InDels have the advantages of both STR and single-nucleotide polymorphism (SNP) (Sjödin et al., 2010; Mills et al., 2006; Manta et al., 2012; Santos et al., 2010; Romanini et al., 2012), which are widely distributed in the human genome and have a low mutation rate. Compared with STRs, the amplified fragment of InDels are smaller and more suitable for the detection of stale and degraded samples (Jin et al., 2019). InDels are compatible with both high-throughput sequencing platform and capillary electrophoresis platform, which can meet the needs in different forensic DNA laboratories (Tao et al., 2019; Zhang et al., 2020). Therefore, InDels are the genetic markers with great abilities for forensic research and application.

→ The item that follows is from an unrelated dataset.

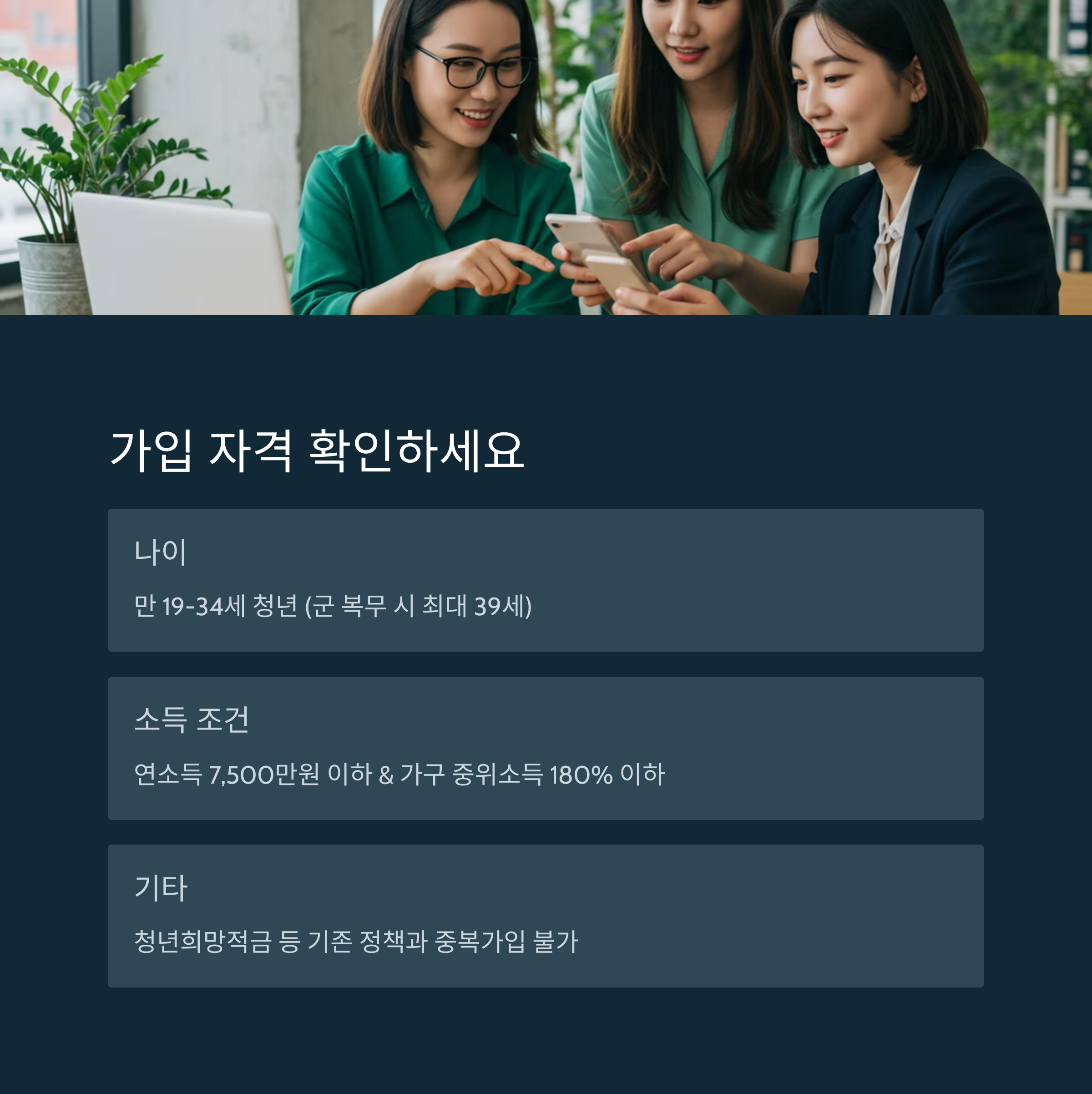 | 기타 | 기존 자산형성지원상품 (청년희망적금 등)과 중복가입 불가 |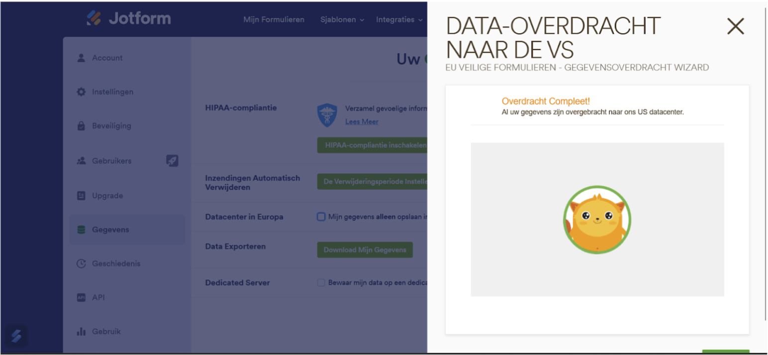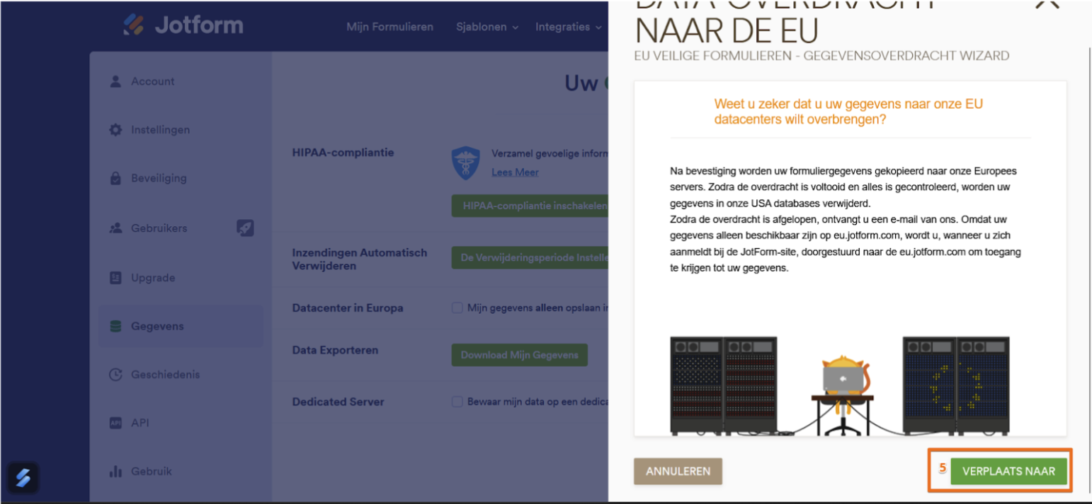- Kies voor de Europees Datacenter optie. Het Transfer Data naar EU-dialoogvenster zou moeten verschijnen.

Currently, the Investigator^® DIPplex kit (Qiagen, Hilden, Germany) is the most widely used commercial InDel kit. However, it had a relatively low efficacy of forensic application in Chinese populations because the kit was not designed for East Asian or Chinese populations (Bai et al., 2013; Hu et al., 2014; Shen et al., 2016; Cui et al., 2020; Fan et al., 2022). In this study, a newly developed multiplex amplification InDel system, AGCU InDel 60 kit (AGCU ScienTech Incorporation, Wuxi, China), was utilized to evaluate its forensic application value in the Tujia group by analyzing 262 Tujia irrelevant individuals from Hubei province, China. In addition, the genetic polymorphisms of 57 InDels in the Tujia group and the genetic relationships between the Tujia group and other reference populations were further explored with the purpose of enriching the basic genetic data of the Tujia group in China.

2 Materials and methods

2.1 Sample collection and reference populations

We collected peripheral blood samples or bloodstains from 262 Tujia healthy and unrelated individuals in Hubei province, China, with prior written informed consents, and then stored them at deep cryopreserve or at room temperature in the dry and ventilated place. Genomic DNA of whole blood samples was further extracted using the Magbead Blood Spots DNA kit (CWBIO, Beijing, China) and quantified using the NanoDrop 2000 instrument (Thermo Fisher Scientific, Waltham, MA, United States) following the recommendations of the manufacturers, and then diluted to about 1ng/ul. A total of 26 reference populations from the 1000 Genomes Project phase 3 database were selected as reference populations for population genetic analyses in this study (population information was shown in Supplementary Table S1). These populations were divided into five continental populations, namely, African (AFR), American (AMR), East Asian (EAS), European (EUR), and South Asian (SAS). The research was approved by the Ethics Committee of Xi’an Jiaotong University (No. 2019-1039).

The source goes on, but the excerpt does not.